* [REQUIREMENT]:
Copying rule for the data below: pictures stay out, and only the lines from the one with "2021年7月2日上午10点" down to the one with "Facebook, Instagram and", inclusive, are repeated exactly.

* [MATERIAL FOR THIS TASK]:
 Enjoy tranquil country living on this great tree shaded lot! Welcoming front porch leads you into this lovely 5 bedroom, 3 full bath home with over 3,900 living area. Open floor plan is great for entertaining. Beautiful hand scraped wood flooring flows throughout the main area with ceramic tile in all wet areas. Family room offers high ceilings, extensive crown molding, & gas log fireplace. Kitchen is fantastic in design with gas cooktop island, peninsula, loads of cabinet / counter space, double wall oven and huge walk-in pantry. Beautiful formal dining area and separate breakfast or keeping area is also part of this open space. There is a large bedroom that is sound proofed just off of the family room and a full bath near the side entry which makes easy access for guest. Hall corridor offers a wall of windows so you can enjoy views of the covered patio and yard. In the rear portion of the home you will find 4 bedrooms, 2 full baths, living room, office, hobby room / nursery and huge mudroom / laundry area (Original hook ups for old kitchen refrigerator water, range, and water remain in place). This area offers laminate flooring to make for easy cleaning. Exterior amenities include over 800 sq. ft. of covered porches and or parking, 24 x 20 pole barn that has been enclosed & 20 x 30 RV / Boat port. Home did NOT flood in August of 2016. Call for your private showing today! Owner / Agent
* * *
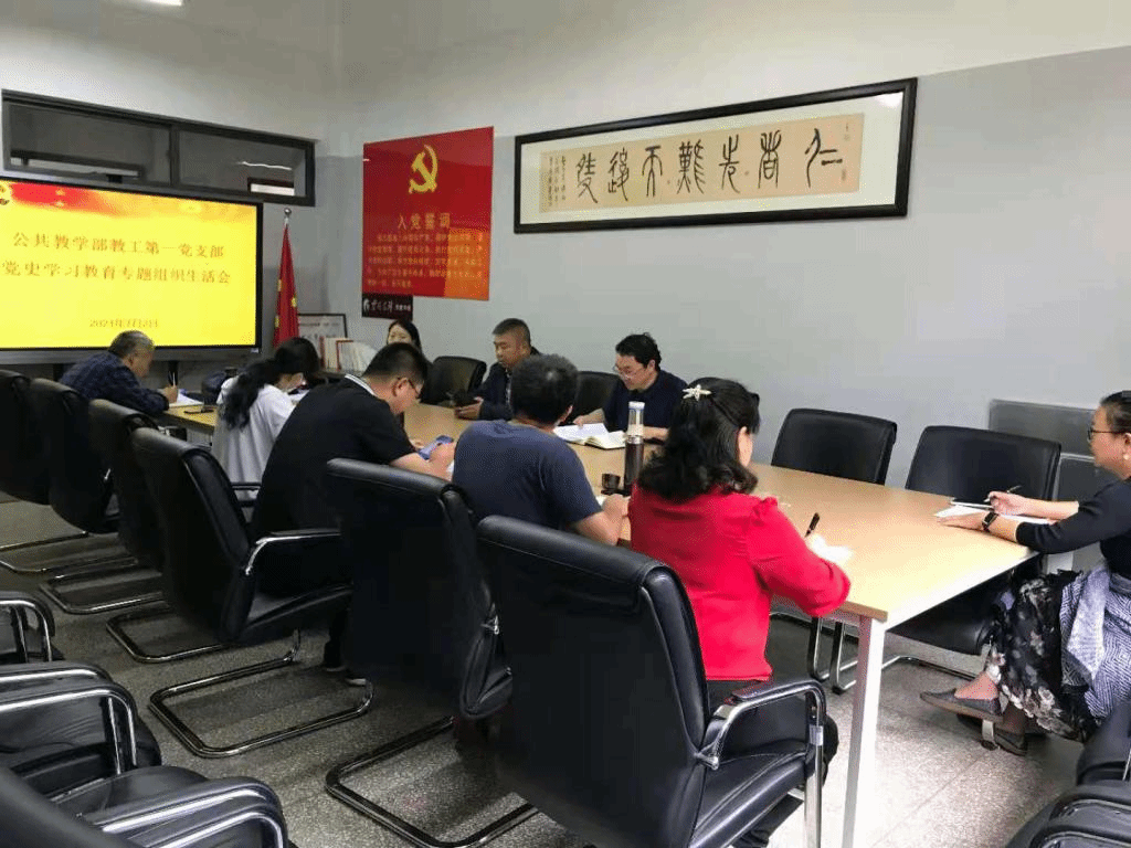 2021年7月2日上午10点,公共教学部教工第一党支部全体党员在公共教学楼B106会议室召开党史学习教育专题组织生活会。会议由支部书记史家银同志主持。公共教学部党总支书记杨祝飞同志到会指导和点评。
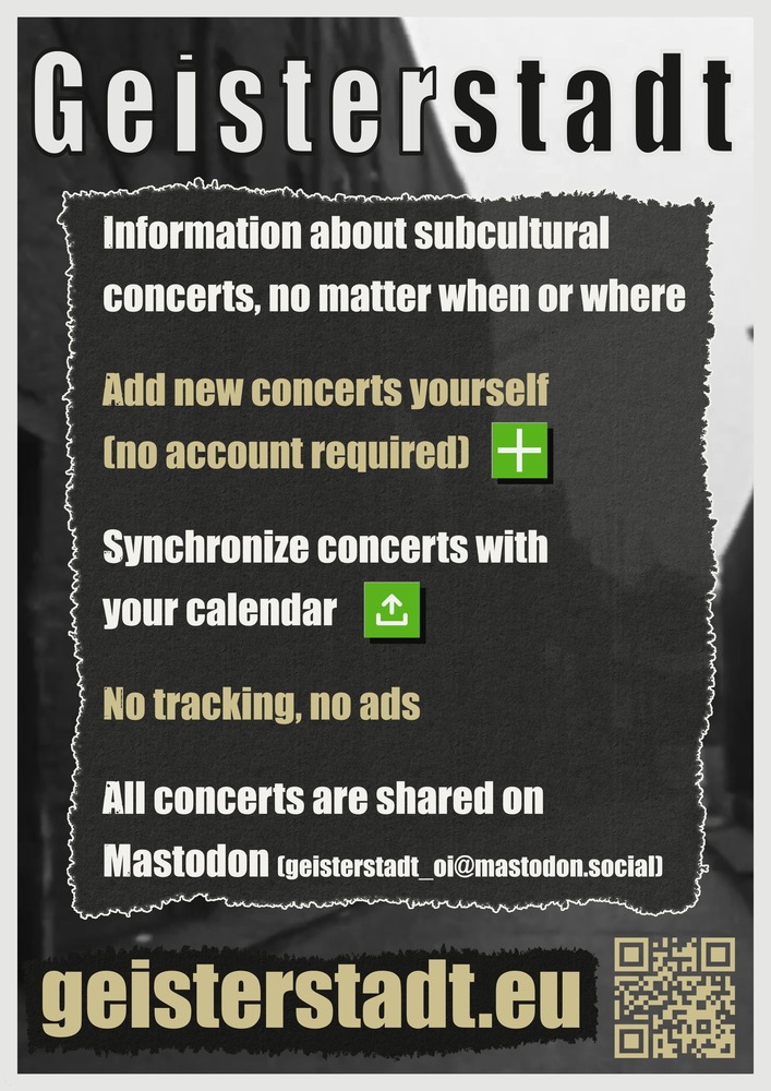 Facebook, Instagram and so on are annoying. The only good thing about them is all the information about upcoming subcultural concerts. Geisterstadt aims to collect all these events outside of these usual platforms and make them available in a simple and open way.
--
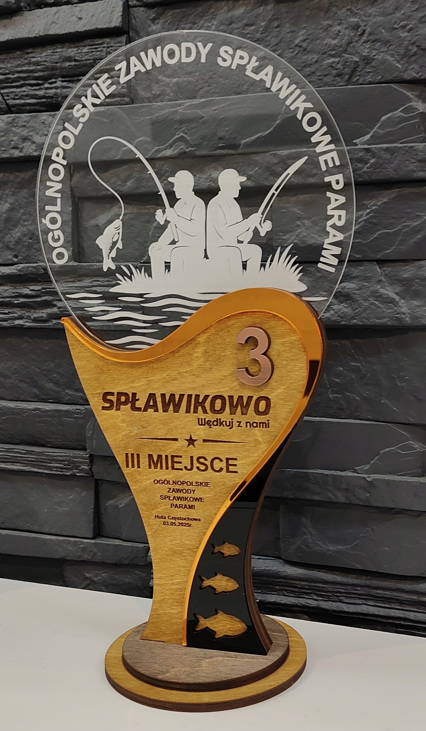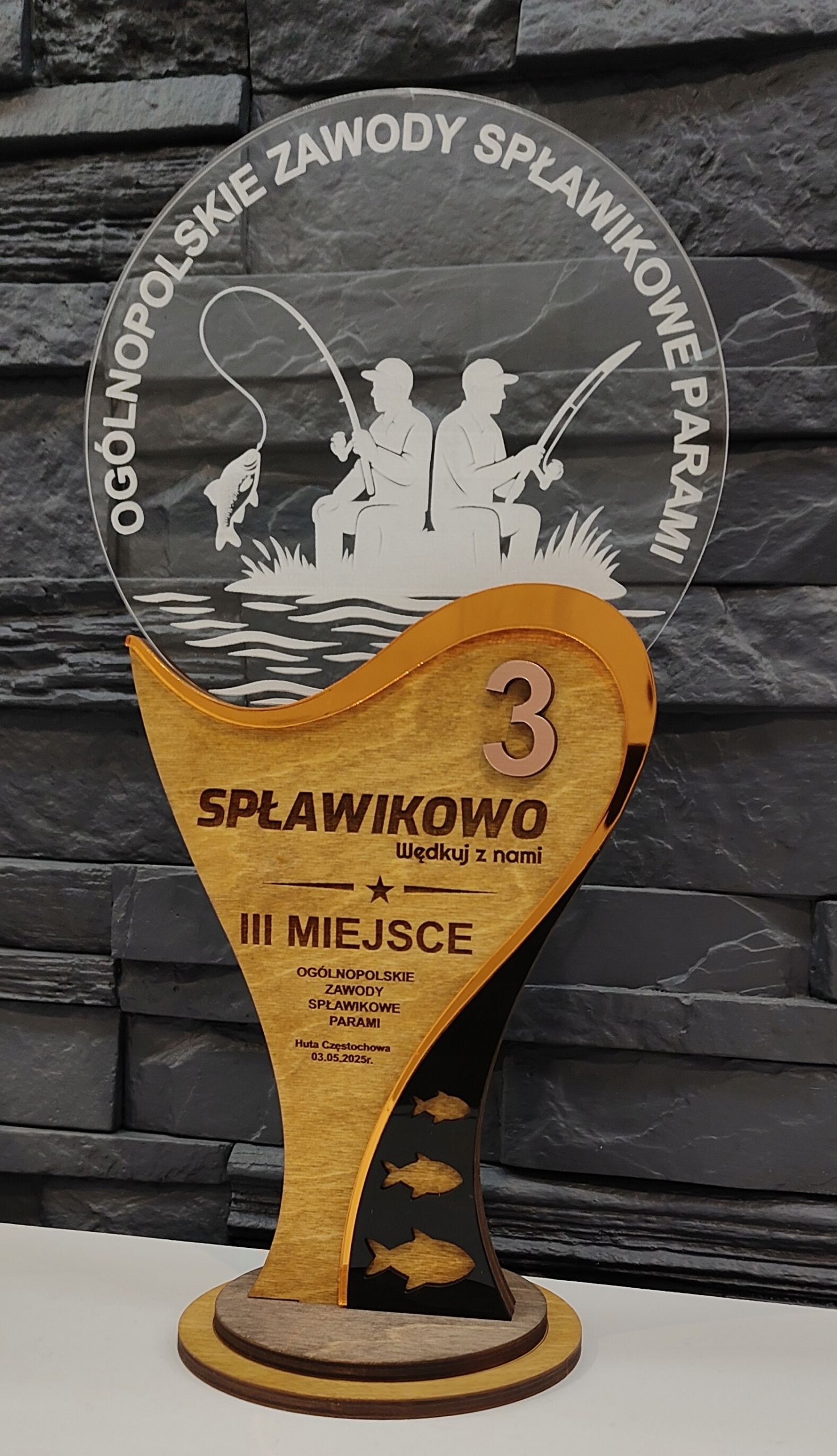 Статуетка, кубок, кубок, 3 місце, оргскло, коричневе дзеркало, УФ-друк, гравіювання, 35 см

* [OUTPUT FOR THIS TASK]:
 2021年7月2日上午10点,公共教学部教工第一党支部全体党员在公共教学楼B106会议室召开党史学习教育专题组织生活会。会议由支部书记史家银同志主持。公共教学部党总支书记杨祝飞同志到会指导和点评。
 Facebook, Instagram and so on are annoying. The only good thing about them is all the information about upcoming subcultural concerts. Geisterstadt aims to collect all these events outside of these usual platforms and make them available in a simple and open way.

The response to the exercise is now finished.